Closed SamGalanakis closed 6 months ago
As this is a fairly new feature, we are constantly looking into ways for improving it.
You are quite right: Creating one giant MD text string for the whole document may not always be the most handy thing to have - e.g. when it comes to chunking requirements.
We are accepting specialized methods for major LLM / RAG implementors which are based on to_markdown
.
What we are seeing is the segmentation of the total MD text into a list of single-page outputs, where each page item is represented by a dictionary containing the text itself plus some metadata (document info, page number, ...).
This approach also more easily lends itself parallelization for speeding up things: MD text results of multiple independent processes can be collected to form the final list ...
You could help by providing information on which data should be part of the page output.

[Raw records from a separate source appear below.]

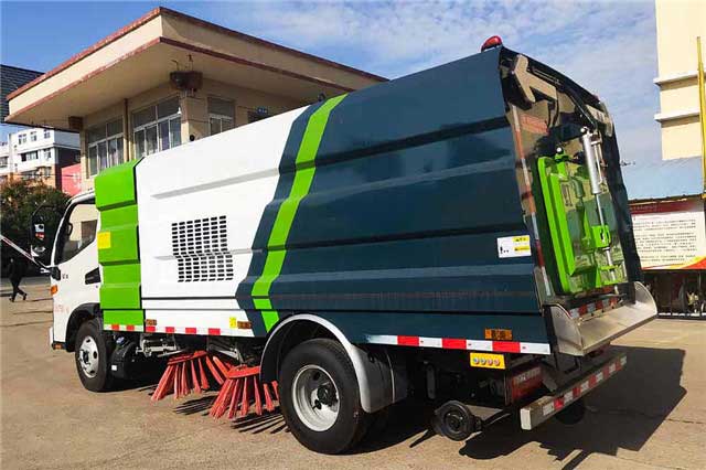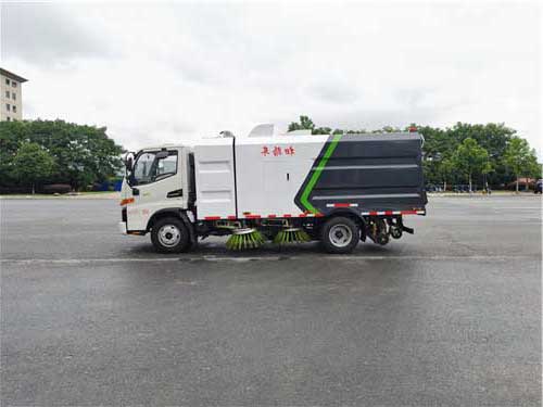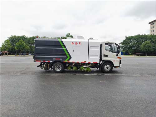 5.5方掃路車_江淮駿鈴V3掃路車,清水箱容積1.5立方,垃圾箱容積4立方,可持續工作4小時以上。垃圾箱選取雙層不銹鋼結構,結構穩定,耐一般腐蝕。長期選用不易變形。上裝箱體分為三大部分,垃圾箱,清水箱,副發動機艙。吸塵盤的四周設有高度可調節的吸嘴輪,這樣的吸嘴輪有三個。廂體方型結構,受力均勻。輔機艙內,設有輔機、油箱、離心風機、液壓閥組等部件,半封閉結構,維修容易。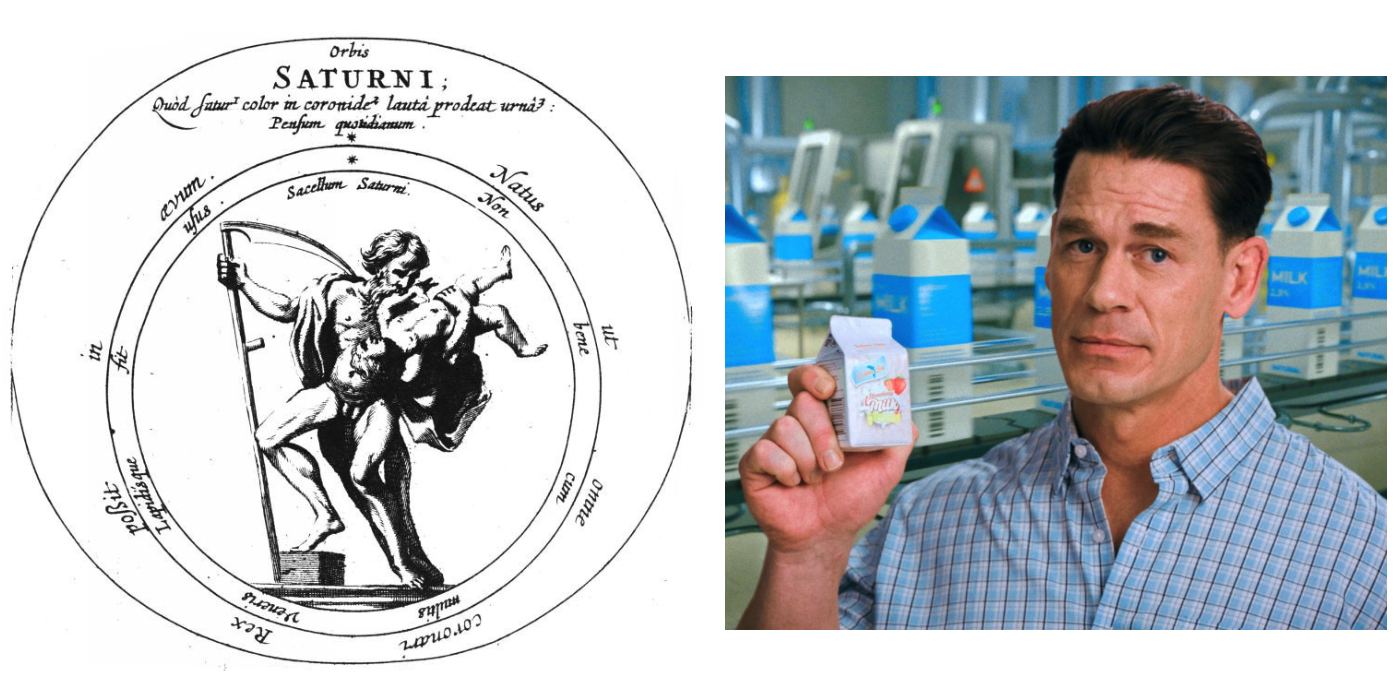 Transitioning into a more sinister exploration of these energies, let’s get into Pluribus and its connection with the signification of Saturn that correlates with starvation and death. In the myth of Saturn/Kronos, God of time, when rulership over Saturn’s domain is threatened he devours his own children so they cannot overtake him. This mythological theme appears in Pluribus when the joined, who we can conceptualize as representing the Neptune archetype, threaten Saturn’s realm of the material and individuated world.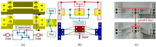 During the literature review, we observed that Gandhi et al. proposed an assembly guideline for flexure-based mechanisms [27]. However, the fastening force variation on the bolts deteriorate positioning precision due to the warping deformation of the flexible beam. To prevent this phenomenon, these standard interfaces are arranged in rigid parts on each module (as shown in Figure 5a). Simulations of assembled double-beam transmission modules are depicted in Figure 5b,c. With regard to the simulation results, the deformation of the guiding mechanism mainly appears in compliant beams. Thus, it can be regarded as a monolithic mechanism, without affecting the performance of the flexure beam.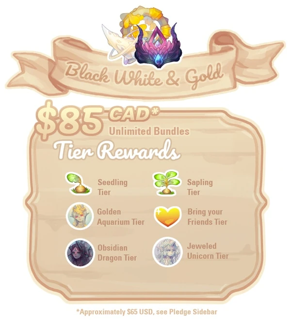 The Jeweled Unicorn tier had an "opulent, bejeweled kingdom" aesthetic. This tier includes the recipe to the legendary rarity Jeweled Unicorn pet, which can be gotten via pet alchemy. There is a full pet, item, and clothing preview page on the Dappervolk Tumblr .This tier was unlimited. 42 backers purchased this tier for $65 (CAD) each.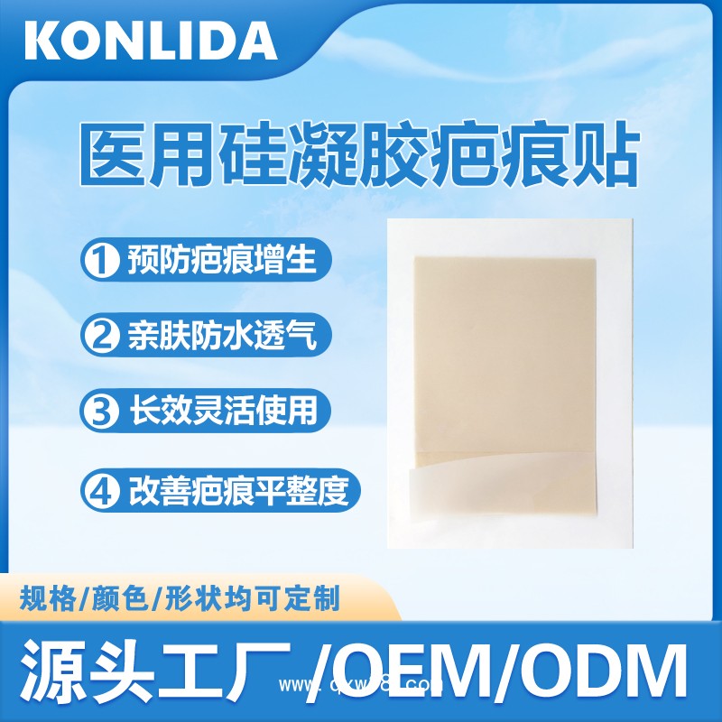醫(yī)用硅凝膠疤痕敷料由保護(hù)層、硅凝膠層、離型膜組成;按產(chǎn)品厚度劃分為通用型和薄型。該產(chǎn)品以無菌狀態(tài)提供,經(jīng)環(huán)氧乙烷滅菌。

Chunking on page level is however only one of several alternatives. Other approaches may want to see this happening on text header levels (like starting a new chunk on every level 1 header etc.). This could also be done of course, but wouldn't be parallelizable by its very nature, and would also be less reliable because of source document quality issues ... just to mention two of multiple issues here.
The latest version 0.0.2 has the option to generate per-page results:
data = pymupdf4llm.to_markdown("input.pdf", page_chunks=True)
# each item in the list 'data' is a dictionary with keys
# "metadata' and 'text'.
# 'metadata' is again a dictionary with the doc.metadata content enriched by path name and page number.
Would be nice to keep track of the line index in the markdown of the page breaks in the original pdf so it can be used down the line for say citation in RAG. Can look into implementing this if it makes sense.